MIGALHAS DE PESO

  1. Home >
  2. De Peso >
  3. Lei 14.620/23 e o novo direito real decorrente da imissão na posse - O remendo do soneto que jamais existiu

Lei 14.620/23 e o novo direito real decorrente da imissão na posse - O remendo do soneto que jamais existiu

É fundamental que a doutrina reconheça que dentre os apontados direitos oriundos da imissão na posse que passam à categoria de direitos reais não se fez incluir a posse, por seus especiais atributos, evitando-se, por completo, qualquer contaminação dos espaços petitório e possessório.
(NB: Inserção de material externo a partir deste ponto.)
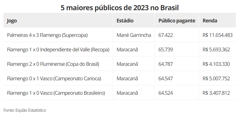 Este foi o quinto maior público da temporada. A final da Supercopa do Brasil entre Palmeiras e Flamengo teve 67.422 pagantes, recorde do ano até aqui. Confira o top 5 do ano no Brasil:

quinta-feira, 10 de agosto de 2023

Atualizado às 14:08

É fato que o Direito privado vive um momento turbulento, com diversas modificações, desde a teoria das incapacidades, estrutura das relações obrigacionais e, principalmente, em tema de Direito das Coisas. As mudanças, por regra, são bem-vindas. Possibilitam reflexão e o repensar de assuntos que, secularmente, seguiram uma jornada retilínea, estando hoje aparentemente estabilizados. Diz-se que tal debate é importante, e vale recordar, pois o Direito Civil é milenar, tendo conceitos e instituições que atravessaram séculos e séculos. A propriedade e a posse se alinham dentre tais categorias. Desta forma, quando se repensa a propriedade em dimensões outras que apena a bivalente delimitada por vértices X e Y; quando se discute o tempo como passível de apropriação condominial; enfim, quando são revisitados temas perenes com vistas a atualizar os seus conteúdos, tal se dá em favor de toda a comunidade, não apenas aos estudiosos ou aplicadores do Direito.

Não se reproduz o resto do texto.